## EXERCISE DATA
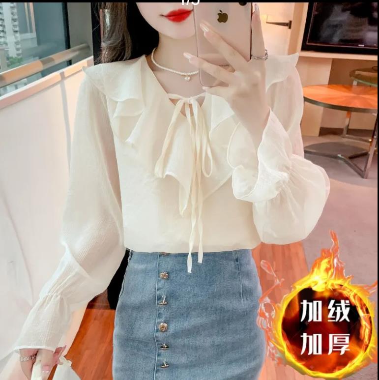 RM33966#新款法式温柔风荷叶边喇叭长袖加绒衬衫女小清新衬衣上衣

...

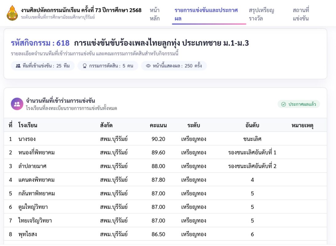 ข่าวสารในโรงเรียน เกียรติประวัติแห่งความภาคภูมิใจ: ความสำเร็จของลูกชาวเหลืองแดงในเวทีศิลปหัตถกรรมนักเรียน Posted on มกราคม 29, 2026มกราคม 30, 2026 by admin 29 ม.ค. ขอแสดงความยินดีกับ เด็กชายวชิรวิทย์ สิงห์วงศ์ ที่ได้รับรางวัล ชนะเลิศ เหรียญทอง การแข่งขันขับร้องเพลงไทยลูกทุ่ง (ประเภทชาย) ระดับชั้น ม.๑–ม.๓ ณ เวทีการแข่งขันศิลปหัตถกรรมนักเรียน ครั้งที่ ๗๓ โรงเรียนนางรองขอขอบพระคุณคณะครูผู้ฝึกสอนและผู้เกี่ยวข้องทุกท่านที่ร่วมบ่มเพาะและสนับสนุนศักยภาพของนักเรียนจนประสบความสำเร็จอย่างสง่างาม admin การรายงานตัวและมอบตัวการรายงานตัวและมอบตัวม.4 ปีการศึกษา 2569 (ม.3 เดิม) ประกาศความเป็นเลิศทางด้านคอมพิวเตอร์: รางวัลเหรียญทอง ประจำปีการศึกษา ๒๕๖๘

* * *

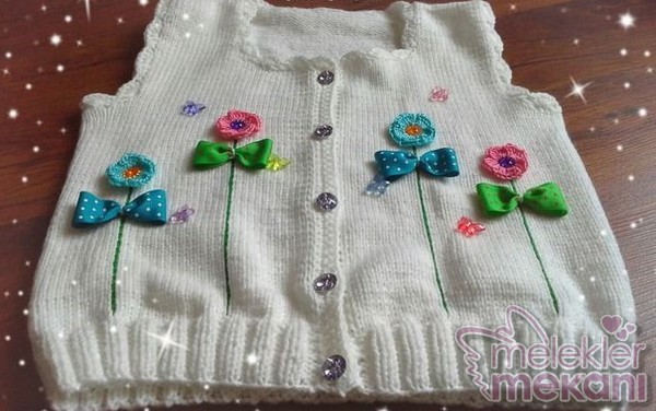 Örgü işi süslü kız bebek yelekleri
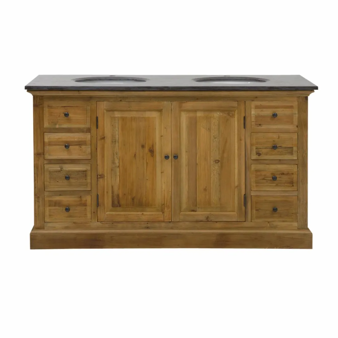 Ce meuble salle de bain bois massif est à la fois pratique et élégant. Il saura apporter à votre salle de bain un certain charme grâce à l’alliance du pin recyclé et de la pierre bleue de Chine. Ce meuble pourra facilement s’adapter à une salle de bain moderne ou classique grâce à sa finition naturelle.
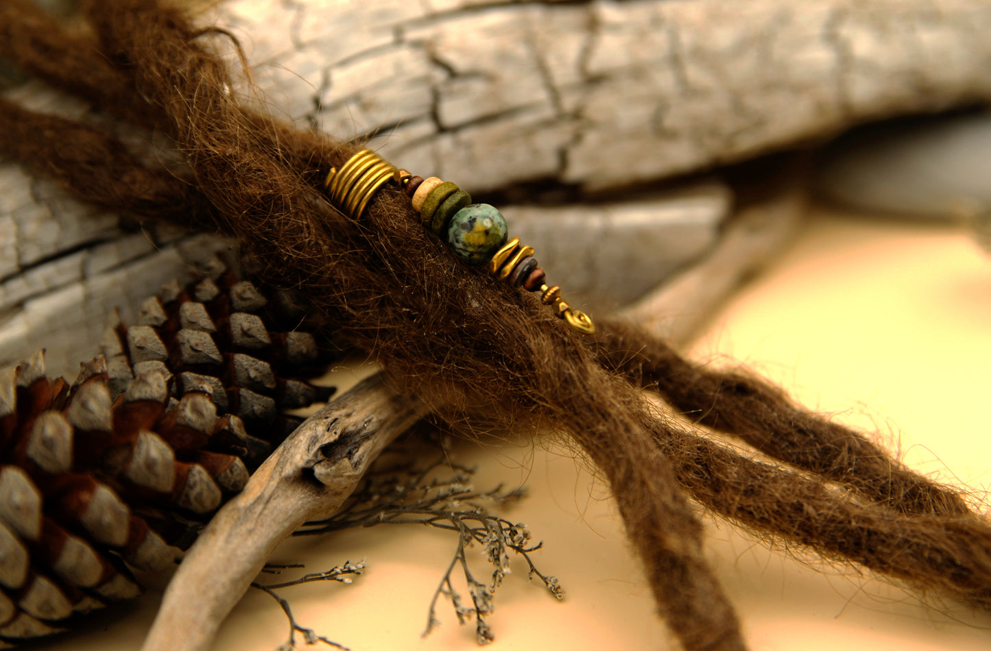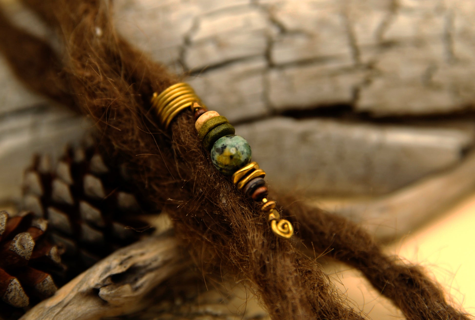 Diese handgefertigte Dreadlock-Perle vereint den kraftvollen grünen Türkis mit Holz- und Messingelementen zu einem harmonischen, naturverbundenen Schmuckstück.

## WORK INSTRUCTION
Above are records; write out the lines from the one with "Örgü işi süslü kız bebek yelekleri" down to the one with "Diese handgefertigte Dreadlock-Perle", exactly, leaving the pictures out.

## ANSWER BOX
 Örgü işi süslü kız bebek yelekleri
 Ce meuble salle de bain bois massif est à la fois pratique et élégant. Il saura apporter à votre salle de bain un certain charme grâce à l’alliance du pin recyclé et de la pierre bleue de Chine. Ce meuble pourra facilement s’adapter à une salle de bain moderne ou classique grâce à sa finition naturelle.
 Diese handgefertigte Dreadlock-Perle vereint den kraftvollen grünen Türkis mit Holz- und Messingelementen zu einem harmonischen, naturverbundenen Schmuckstück.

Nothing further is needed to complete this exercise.